Duma Key, By Stephen King
Sunday 20 January 2008
Even before he was hit by a truck in 1999, being bedridden had frequently been one of the primal fears powering Stephen King's fiction. King has got much creative mileage out of incapacitated characters, from Paul Sheldon hobbled and trapped in bed by obsessive fan Annie Wilkes in 1987's Misery, Jessie Burlingame left handcuffed to the head board in a solitary cabin in Maine, after her husband suffers a fatal heart attack during an S&M session in 1992's Gerald's Game, to the horrors witnessed by Louis Creed while working for the University of Maine's campus health service in 1983's Pet Sematary. Since his accident, King has relived his personal horror story in a number of novels and television programmes, including Dreamcatcher (2001), Kingdom Hospital (2004) and The Dark Tower VI: Song of Susannah (2004).
He returns to this theme in his latest novel, Duma Key, which opens with his most vivid depiction of a traumatised patient to date. Edgar Freemantle, who has made his millions in building and contracting, loses an arm in a freak accident and comes round to discover that his wife wants a divorce. The scenes following Freemantle's physical recovery, of his anger and suicidal depression, are the author writing at his absolute best, immediately gripping the reader and putting him on the protagonist's side. Disability is still a taboo in fiction and film and King deals with it brilliantly, perhaps deliberately rebuffing Paul Theroux's fictional dismissal of the author in his 2001 novel Hotel Honolulu: "horror is not a dog that gets bitten by a bat and besieges a mother and son... horror is a broken leg." Or a missing arm.
While Freemantle isn't, as are many of King's protagonists, a best-selling author, he is an amateur artist, who returns to his hobby when he moves to Duma Key, a remote strip of land off Florida's West Coast, to rebuild his life. He names his new house "Big Pink" (presumably after the shared house where Bob Dylan and the Band recorded The Basement Tapes, in a subtle reference to hidden creativity in isolation) and tries to improve his artwork by seeking out criticism and studying books on Dali. He soon discovers that Dali was one of the previous inhabitants of his house, which has also been home to Marcel Duchamp, Keith Haring and Alexander Calder.

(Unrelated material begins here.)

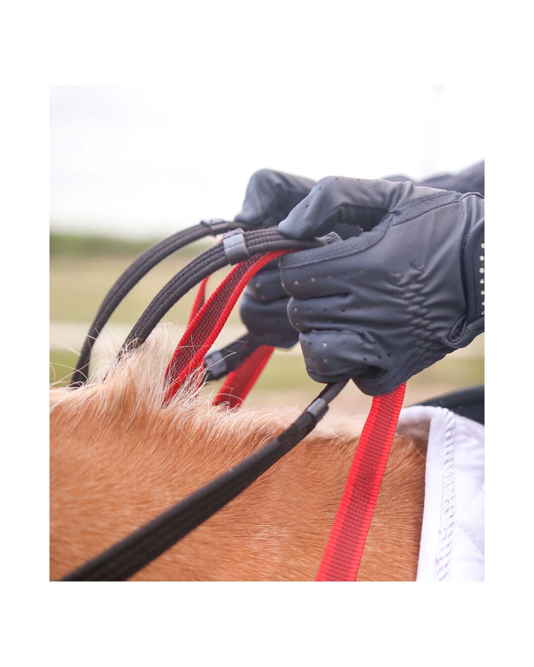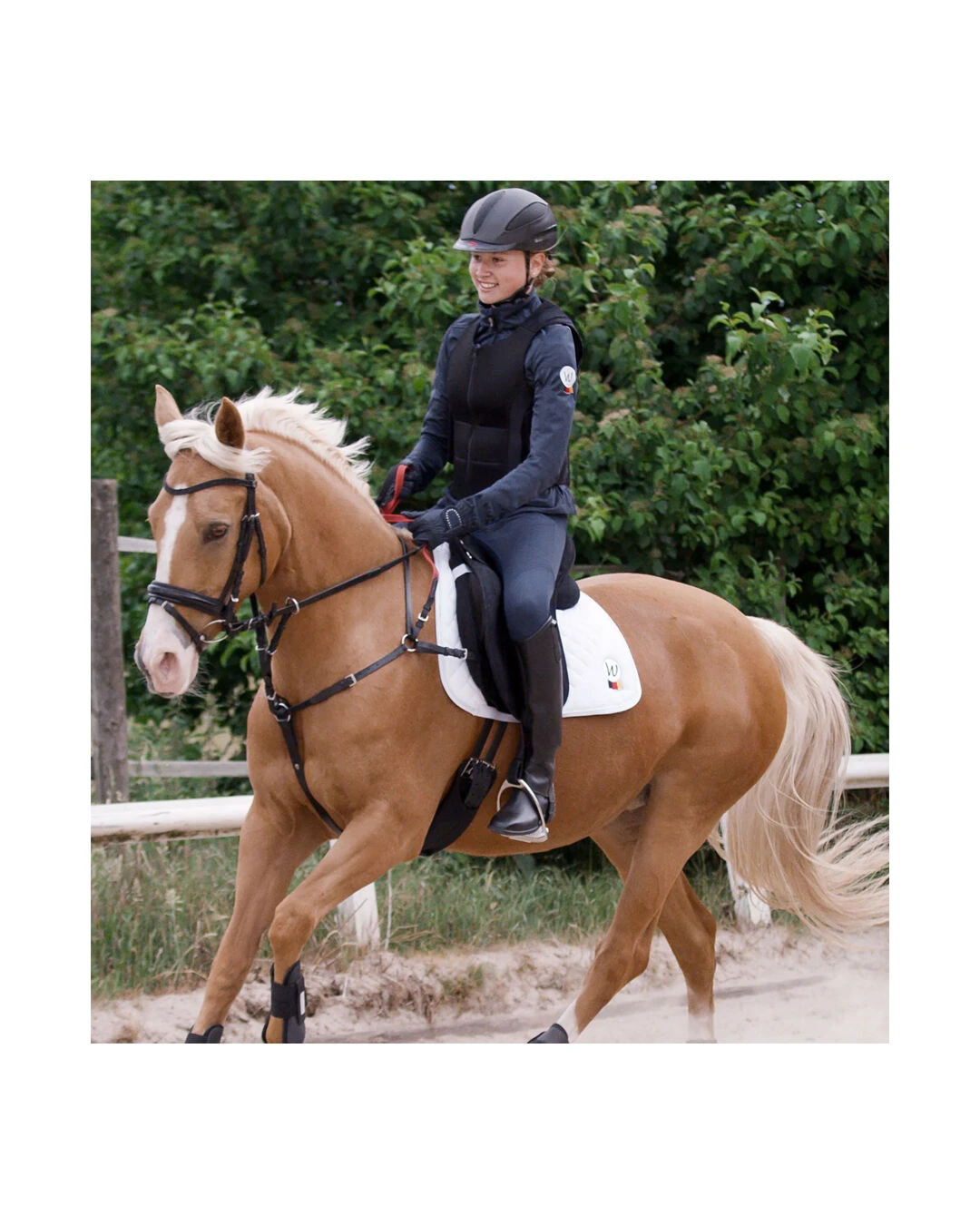 Das neue Vorderzeug mit Sicherheitszügel von Waldhausen ist vielseitig einsetzbar. Dem Anfänger an der Longe dient er zur Übung der Zügelhaltung, der Übergang von der Longe zum freien Reiten wird erleichtert. Dem Anfänger beim freien Reiten bietet er zusätzliche Sicherheit. Des Weiteren kann die Kombination bei jungen oder schwer kontrollierbaren Pferden, die zu überraschenden Bewegungen neigen, eingesetzt werden, um den Reiter zu unterstützen. Der Sicherheitszügel gibt dem Reiter bei Bedarf Halt und wirkt durch die Verbindung mit dem Vorderzeug auf die Brust des Pferdes, um so bei der Wiederherstellung der Kontrolle über das Pferd beizutragen.

King's last novel about art, 1995's Rose Madder, was one of his most problematic, and there is something equally unsatisfying about Duma Key. It feels like two novels in opposition: an excellent one about the artistic process in the manner of his Bag of Bones and Lisey's Story, and a more hokey tale that revisits the genre cliché of an artist whose paintings have an uncanny power. As Freemantle observes when one of the characters explains the plot to him, it's "just too gothic".
Freemantle's artistic career has similarities with King's literary one, characterised mainly by an amazing facility and prolificacy, but this doesn't grip as much as his novels about fictional authors. King has become such a sophisticated writer that this novel is never less than page-turning, but it doesn't have quite the literary accomplishment of the best of his recent work. That said, every time it seems to lapse into predictability King gives the plot another twist, and it's the most stylistically sober of his books. Anyone looking for first-class beach entertainment will find much to delight them here, but for those of us who enjoy King's work most when he's challenging and dismantling genre expectations, Duma Key, for all its undeniable strengths, doesn't quite deliver.